Carcinosarome utérin / Nephron via Wikimedia Commons

La première version publiée de cet article partait sur une mauvaise traduction qui a créé une confusion regrettable. La technique développée par les chercheurs utilisent les ondes acoustiques et non pas le «son des vagues». Toutes nos excuses aux lecteurs et nos remerciements au commentateur nous l'ayant signalé.

Les chercheurs de l'université de Carnegie-Mellon et de Pennsylvanie ont presque fini de mettre au point une manière de dépister le cancer via des ondes acoustiques. Les scientifiques ont présenté lundi 6 avril, notamment sur le site de l'université de Carnegie-Mellon, les résultats de leurs travaux. Selon l'étude, reprise par Fusion, la méthode devrait «rendre possible non seulement une analyse plus précise et exhaustive des cellules cancéreuses, mais également offrir, potentiellement, de meilleurs traitements contre le cancer, en utilisant des tests moins intrusifs pour l'organisme, prenant en compte la difficulté des patients cancéreux à résister à la chimiothérapie, et permettant des détections plus précoces».

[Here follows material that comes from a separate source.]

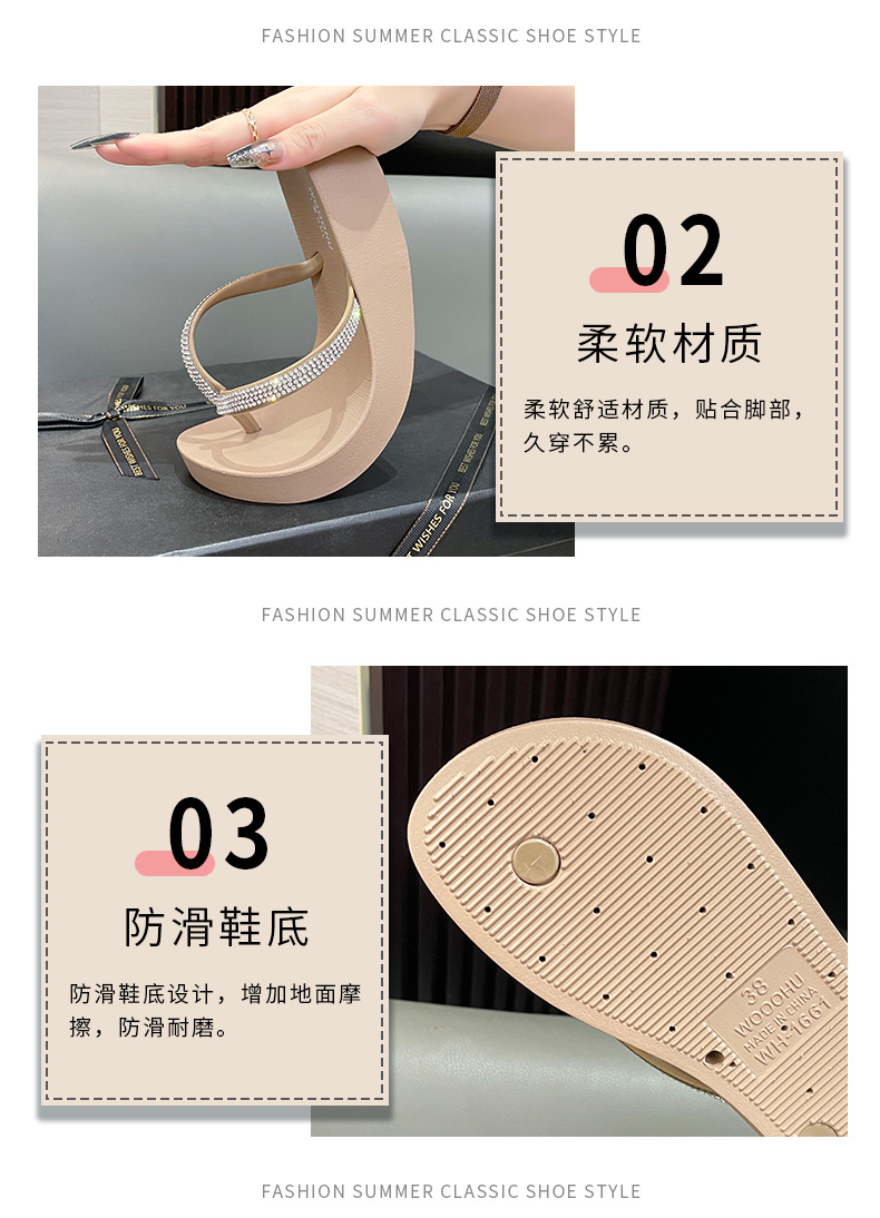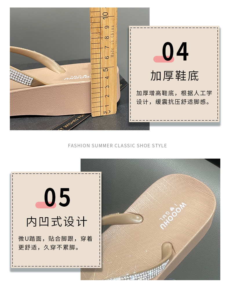 Gao Meilun 여름 여자 라인 스톤 브라이트 다이아몬드 플립 플롭스 트렌디 한 비치 아우터 미들 힐 미끄럼 세척 올 매치 크로스 보더스토어 가기

Au cours d'un test sanguin, les scientifiques émettent de micro-ondes sonores via deux transducteurs alors que des cellules, parmi lesquelles se trouvent des leucocytes (globules blancs) et, potentiellement, des cellules cancéreuses circulent le long de ce que Fusion décrit comme un «canal». Au contact de l'onde acoustique, les cellules sont légèrement déviées. Suivant leurs tailles, densités ou leurs volumes, leurs trajectoires changent. Difformes par rapport aux autres, les cellules malades changent de direction et peuvent ainsi être isolées par les scientifiques (voir vidéo ci-dessous).

Une méthode douce rendant la recherche plus simple

Les scientifiques sont parvenus à multiplier par vingt la vitesse du premier modèle qu’ils avaient présenté l’an dernier. La méthode est donc presque adaptée à un test de dépistage classique, s’il on en croit le site de l’institut de technologie du Massachusetts. Un des gros avantages de cette méthode est aussi d’éviter l’usage d’anticorps dans les dépistages. Utilisés pour permettre de concentrer un dépistage sur le sang humain, comme l'explique le Figaro, ceux-ci peuvent perturber la structure et composition chimique des cellules cancéreuses.

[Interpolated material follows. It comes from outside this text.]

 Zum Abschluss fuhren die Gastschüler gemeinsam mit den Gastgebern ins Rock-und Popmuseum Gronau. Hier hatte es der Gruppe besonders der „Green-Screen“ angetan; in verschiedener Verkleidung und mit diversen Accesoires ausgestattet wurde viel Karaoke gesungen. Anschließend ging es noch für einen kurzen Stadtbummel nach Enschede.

Cette méthode permet d’isoler les cellules malades via le jeu d’ondes acoustiques sans perturber leur structure, comme l’explique l’institut de technologie du Massachusetts. Elle pourrait également permettre de comprendre davantage comment ces cellules cancéreuses se propagent dans l’organisme.

Autre avantage non-négligeable, la recherche d'anticorps efficaces, pour détecter des cellules cancéreuses, est un processus long et coûteux. En comparaison, cette méthode serait presque bon marché, d'après Fusion.

Selon l'Institut national du cancer, 365.000 nouveaux cas de cancer sont diagnostiqués chaque année. La Ligue contre le cancer rappelle que plus la prévention est précoce, plus le traitement de la maladie peut se faire facilement; ce que permettrait ce nouveau dépistage. Les scientifiques espèrent désormais obtenir un brevet, d'après Fusion, pour tester leur méthode à une plus grande échelle. D’après l’institut de technologie du Massachusetts, les trois tests effectués sur des patients cancéreux ont permis d’isoler les cellules malades.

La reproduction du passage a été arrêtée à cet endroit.